(Data records)
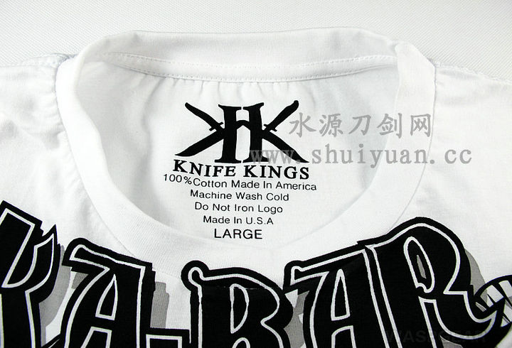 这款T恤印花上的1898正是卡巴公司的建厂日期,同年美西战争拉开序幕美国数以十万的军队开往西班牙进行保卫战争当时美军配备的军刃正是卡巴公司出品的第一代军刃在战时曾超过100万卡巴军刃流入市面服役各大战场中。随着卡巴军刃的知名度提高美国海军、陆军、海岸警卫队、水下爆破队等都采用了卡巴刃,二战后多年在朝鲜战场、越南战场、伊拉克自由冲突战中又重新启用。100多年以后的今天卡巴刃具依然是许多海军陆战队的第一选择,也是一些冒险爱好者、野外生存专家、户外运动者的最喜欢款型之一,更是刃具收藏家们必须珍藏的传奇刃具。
(End Data records)
(Data records)
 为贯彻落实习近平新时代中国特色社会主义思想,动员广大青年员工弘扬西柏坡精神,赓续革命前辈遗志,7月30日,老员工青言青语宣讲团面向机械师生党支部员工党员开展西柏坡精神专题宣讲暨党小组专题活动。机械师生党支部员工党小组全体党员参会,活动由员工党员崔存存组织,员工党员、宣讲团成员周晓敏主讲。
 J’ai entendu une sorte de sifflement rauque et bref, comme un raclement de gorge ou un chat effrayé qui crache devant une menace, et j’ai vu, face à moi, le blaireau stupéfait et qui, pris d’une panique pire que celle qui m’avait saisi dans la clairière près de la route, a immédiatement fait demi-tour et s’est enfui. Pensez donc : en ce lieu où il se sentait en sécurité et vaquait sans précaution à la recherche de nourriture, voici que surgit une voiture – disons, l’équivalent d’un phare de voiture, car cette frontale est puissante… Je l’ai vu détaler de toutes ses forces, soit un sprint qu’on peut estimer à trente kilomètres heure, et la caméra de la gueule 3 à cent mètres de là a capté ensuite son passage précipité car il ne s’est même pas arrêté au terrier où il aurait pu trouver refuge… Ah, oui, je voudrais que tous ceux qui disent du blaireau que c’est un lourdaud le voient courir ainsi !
(End Data records)
Your answer must be the lines above from the one containing "为贯彻落实习近平新时代中国特" to the one containing "J’ai entendu une", both included, restated word for word.

Answer section:
 为贯彻落实习近平新时代中国特色社会主义思想,动员广大青年员工弘扬西柏坡精神,赓续革命前辈遗志,7月30日,老员工青言青语宣讲团面向机械师生党支部员工党员开展西柏坡精神专题宣讲暨党小组专题活动。机械师生党支部员工党小组全体党员参会,活动由员工党员崔存存组织,员工党员、宣讲团成员周晓敏主讲。
 J’ai entendu une sorte de sifflement rauque et bref, comme un raclement de gorge ou un chat effrayé qui crache devant une menace, et j’ai vu, face à moi, le blaireau stupéfait et qui, pris d’une panique pire que celle qui m’avait saisi dans la clairière près de la route, a immédiatement fait demi-tour et s’est enfui. Pensez donc : en ce lieu où il se sentait en sécurité et vaquait sans précaution à la recherche de nourriture, voici que surgit une voiture – disons, l’équivalent d’un phare de voiture, car cette frontale est puissante… Je l’ai vu détaler de toutes ses forces, soit un sprint qu’on peut estimer à trente kilomètres heure, et la caméra de la gueule 3 à cent mètres de là a capté ensuite son passage précipité car il ne s’est même pas arrêté au terrier où il aurait pu trouver refuge… Ah, oui, je voudrais que tous ceux qui disent du blaireau que c’est un lourdaud le voient courir ainsi !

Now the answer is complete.